The clearest indication that the amount of crossbows fired was quite likely severely exaggerated is the size of the battle field...and the number of Dutch (and the breakdown of these numbers) present.

The troops send by the city states / merchant cities have been documented and the weapons they carried.
Unless they were dual wielding crossbows it would been unlikely that they would have fired over a thousand crossbows when Philip had less personal troops there then in a later battle when he got reinforcements and his numbers still barely broke 2000 troops...

Pretty much all of the local militias had about a quarter ranged and three quarter melee troops, except for some very specific named companies.
At this battle his 'knights' broke the English longbowmen by pretty much walking up to them and engaging them in melee combat.

And Philip did not have all that many knights there.

The Dutch documents claim three thousand English killed...which is pretty certainly double what actually was killed and two hundred captured.
( the English numbered less then 1700 troops but they had 1500 allies approximately from Zeeuwland and only 500 of these English troops were longbowmen)

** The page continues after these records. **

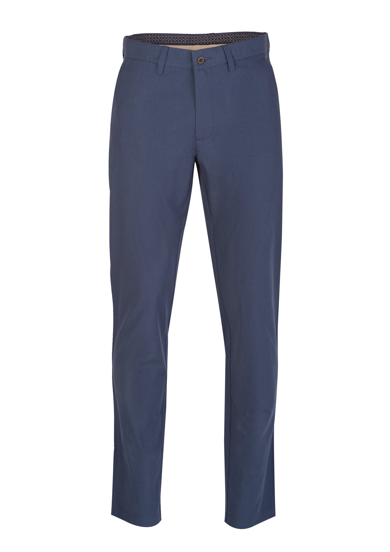Dark blue chino pants for men, made of cotton. Slim cut, button closure and concealed zipper by carcass, two side pockets and one small pocket. Two back buttoned buttonhole pockets and belt loops. Very comfortable.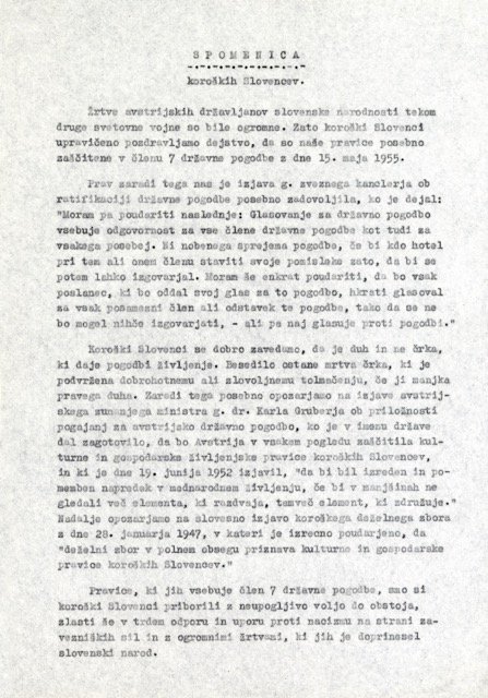 Spomenica koroških Slovencev z dne 11. oktobra 1955 / Memorandum der Kärntner Slowenen vom 11. Oktober 1955.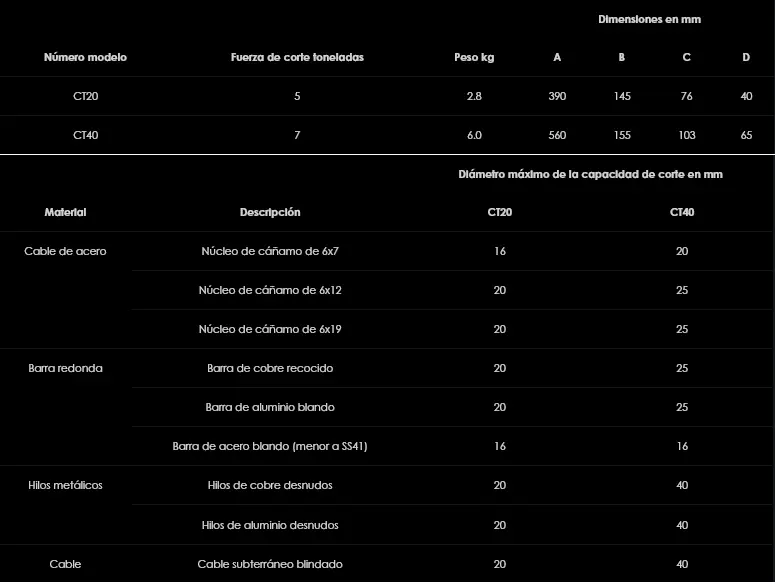 Equipadas con cuchillas de corte de acero de alta calidad, las cortadoras de la serie CT pueden cortar una variedad de materiales, incluidos cables de acero, barras redondas, hilos de alambre y cables de hasta 40 mm de diámetro. Los cortadoras autónomas CT son compactas y livianas, y cuentan con manijas de agarre ergonómicas para minimizar la fatiga del operador.
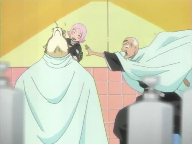 Suddenly there was movement at the next station. It seems that Captaiin Komamura had also come to the barber's. Ikkaku couldn't help but notice the way he seemed to shine.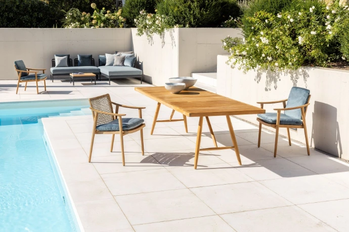 Der Beluga Tisch ist ein vielseitiges Statement für den exklusiven Wohnraum im Freien. Mit seiner klaren, zeitlosen Gestaltung verleiht er Terrassen und Gärten eine ruhige, hochwertige Präsenz und wird zum zentralen Treffpunkt im Outdoorbereich.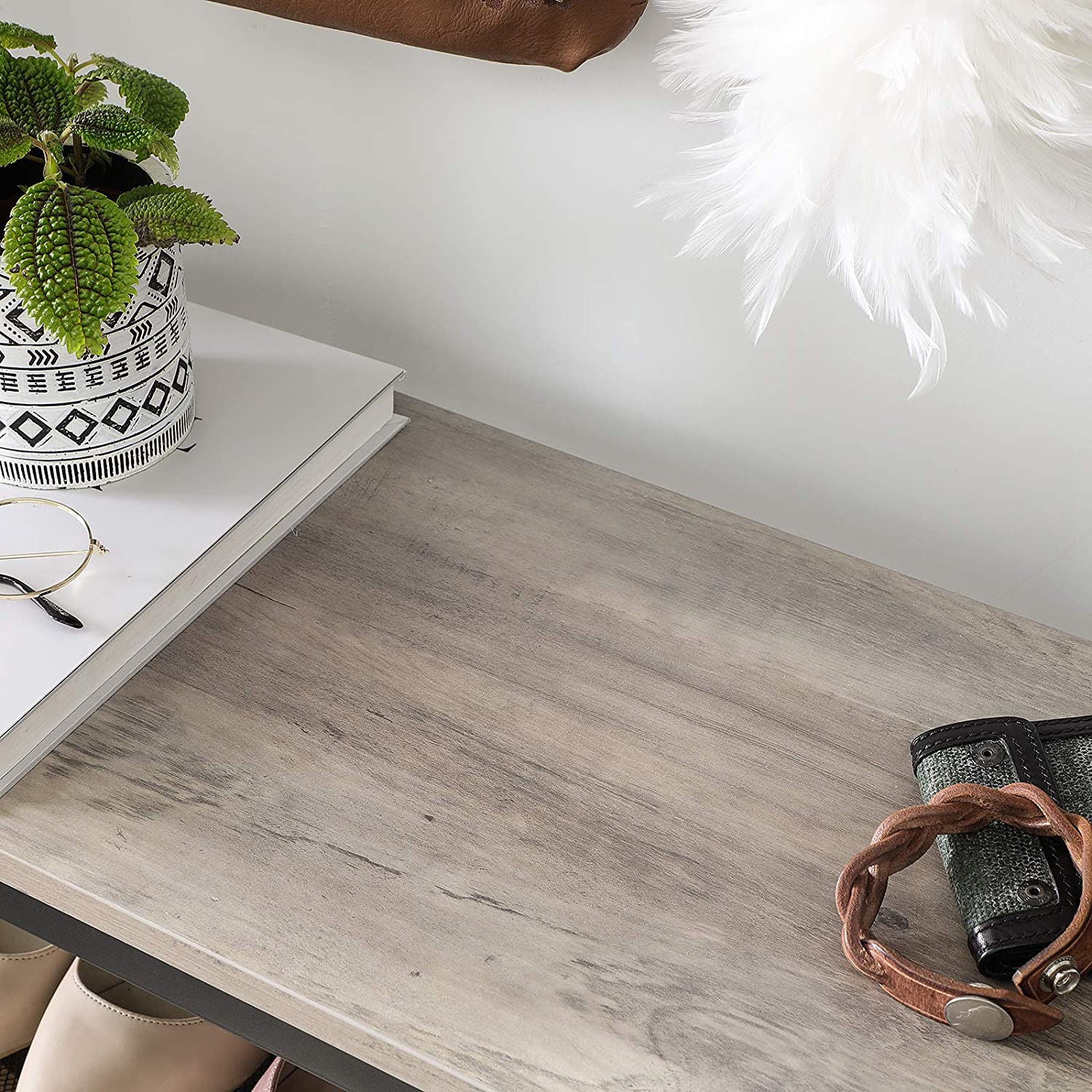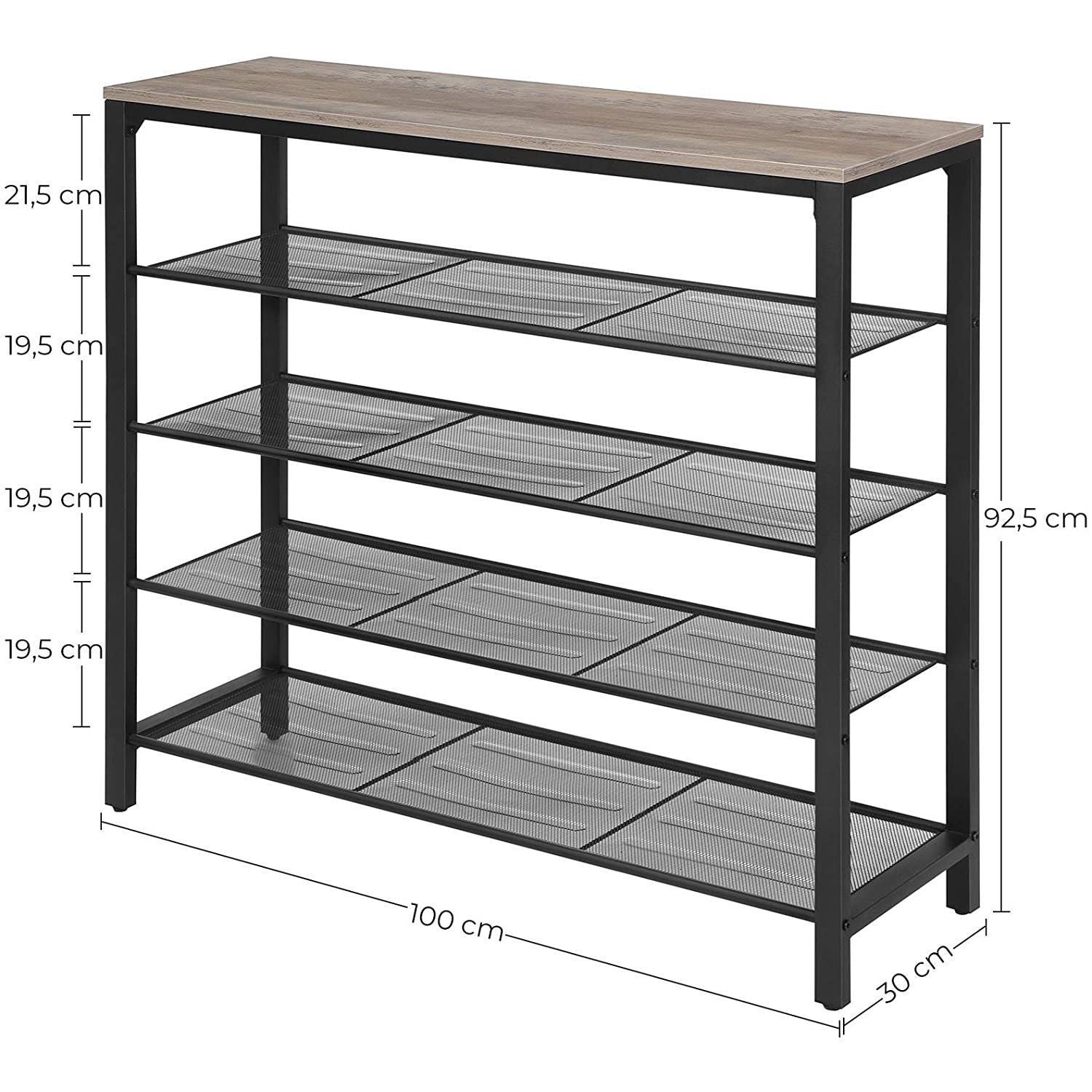 Schoenenrek met 3 bonus items: U ontvangt een rek met een stijlvol rustiek grijs oppervlak, een schoenenrek met 4 zwarte gaasplanken en een decoratief stuk voor uw ingang dat wordt gekenmerkt door de trendy industriële stijl.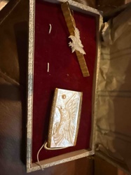 Vintage Carved Mother of Pearl Eagle Belt Buckle and Tie Bar Set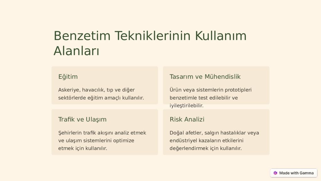 Benzetim Tekniklerinin Kullanım Alanları Eğitim Askeriye, havacılık, tıp ve diğer sektörlerde eğitim amaçlı kullanılır. Tasarım ve Mühendislik Ürün veya sistemlerin prototipleri benzetimle test edilebilir ve iyileştirilebilir. Trafik ve Ulaşım Şehirlerin trafik akışını analiz etmek ve ulaşım sistemlerini optimize etmek için kullanılır. Risk Analizi Doğal afetler, salgın hastalıklar veya endüstriyel kazaların etkilerini değerlendirmek için kullanılır.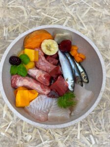 Fisch & Huhn gewolft & Obst- & Gemüsemix ROT „TEST HUND PREIS“

The Arbalasts of the Dutch did seem to be effective but the English longbowmen were more disciplined and returned fire causing the Dutch to acted in a disoriented manner.
The reason why is speculated to be that the commanders of the Dutch local militia were injured or killed in the English volley fire.

After which the Bourgundiers decided to go for melee combat and they pushed the enemy back.

Philip almost died in the melee but he had to participate himself....
That there is biggest indication how few armoured melee combatants Philip had himself at his disposition.
Philip supposedly had only several hundred heavily armoured men at arms at his disposition there and a few dozen knights of whom one died which became a big thing as he was the person that pretty much dragged Philip into the fighting.

The English side ended up trapped at the foot of a dyke and were hemmed in where they got slaughtered wich sounds to me as if they tried to retreat and got themselves trapped in a dead end instead.

Official figures claim 4000 troops on Philip's side and 3500 on the other side (keep in mind that at least 500 of them never got involved into the fighting as they were the crew of the ships that brought the English troops over).
The 4000 on Philip's side consisted for the vast majority of Dutch farmers and city folk (burgers), the contingents from Dordrecht (with 8000 people at the time the biggest city in Holland...), Delft (6500 people) and Den Haag (did not make it into the top ten cities in Holland at this time...) were all together barely 1000 strong (and that may include non-combatants actually).
These militias which Philip raised himself were well equipped with armour which makes them unlikely to have a large amount of crossbowmen and did not have specific mentions of large amounts of crossbowmen.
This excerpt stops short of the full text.